WHAT TO DO: Set down each line of the material that follows, exactly, with no pictures.

═══ DATASET SECTION ═══

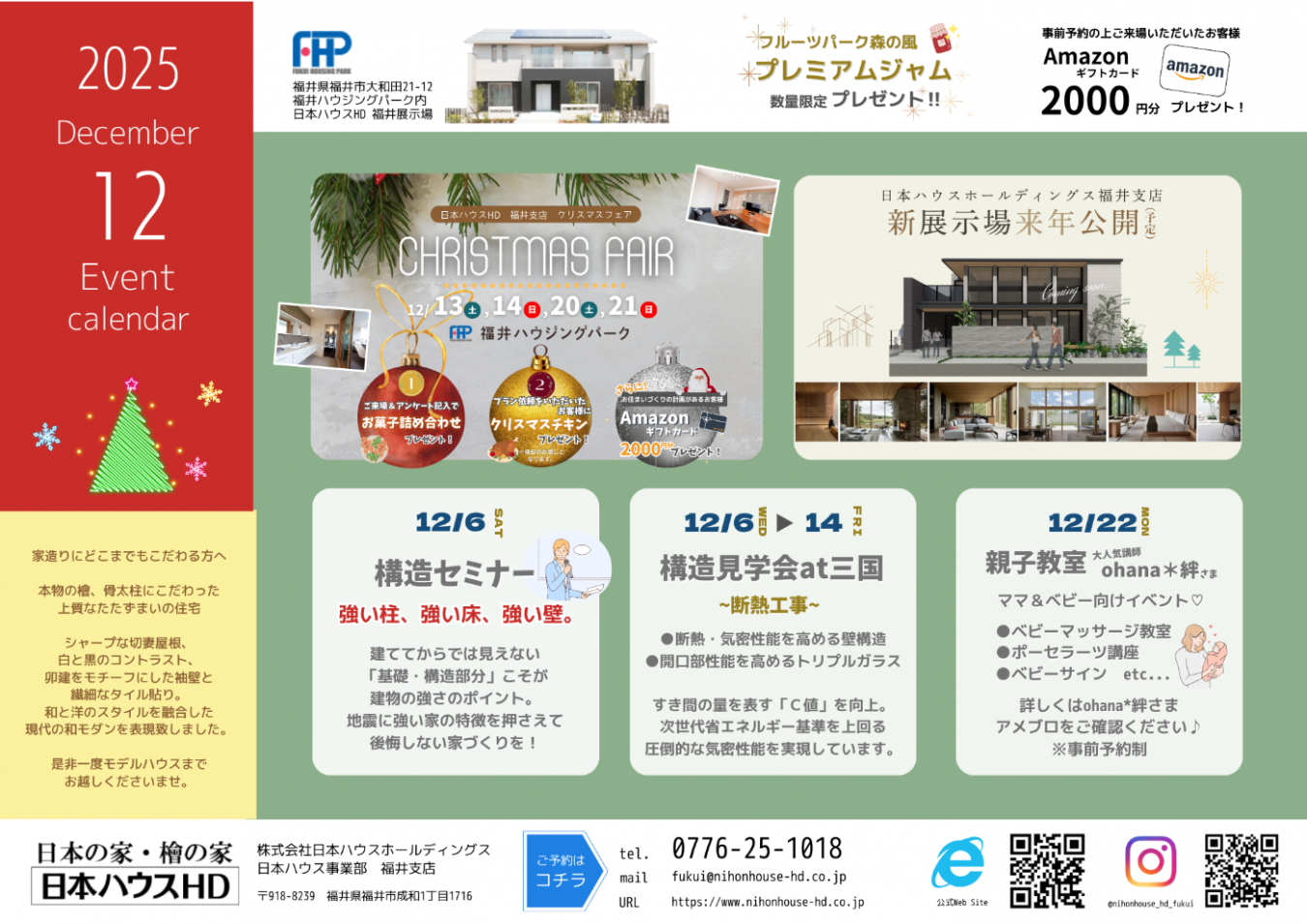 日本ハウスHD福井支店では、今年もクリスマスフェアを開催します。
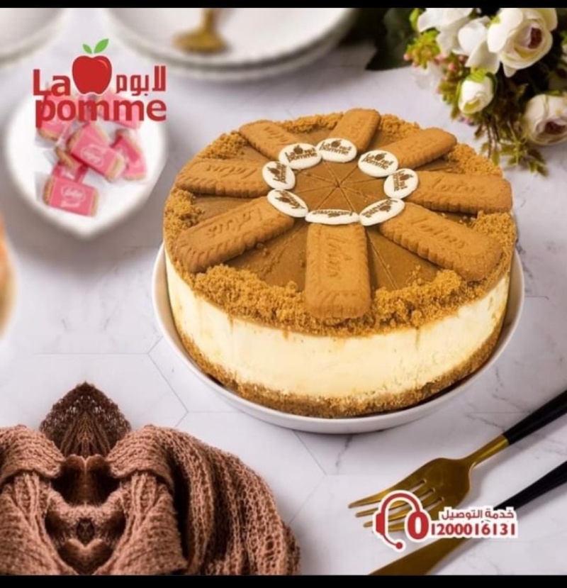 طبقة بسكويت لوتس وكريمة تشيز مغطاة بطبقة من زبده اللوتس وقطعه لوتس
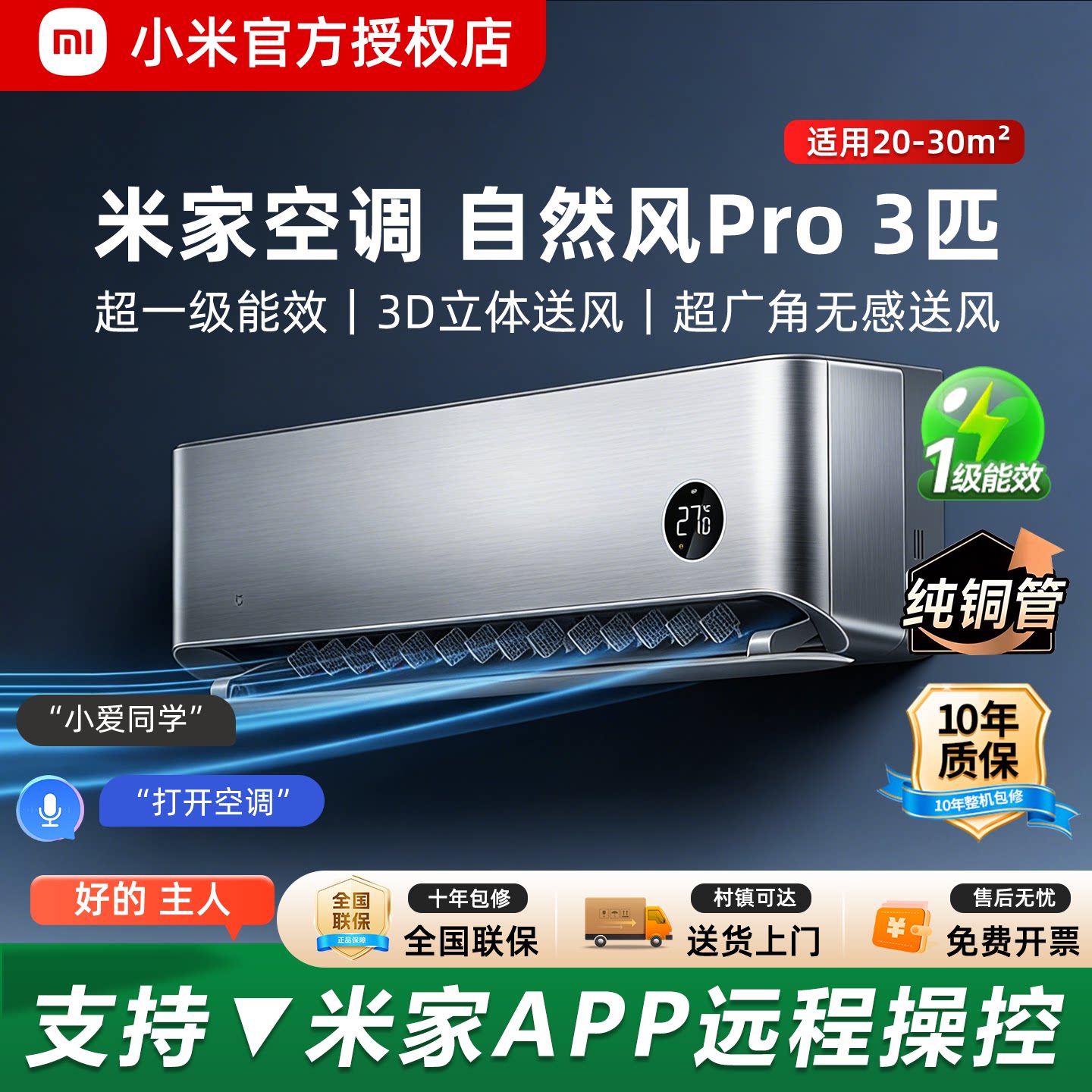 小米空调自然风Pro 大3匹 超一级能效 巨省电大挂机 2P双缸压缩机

═══

REPLY TO THE EXERCISE:
 日本ハウスHD福井支店では、今年もクリスマスフェアを開催します。
 طبقة بسكويت لوتس وكريمة تشيز مغطاة بطبقة من زبده اللوتس وقطعه لوتس
 小米空调自然风Pro 大3匹 超一级能效 巨省电大挂机 2P双缸压缩机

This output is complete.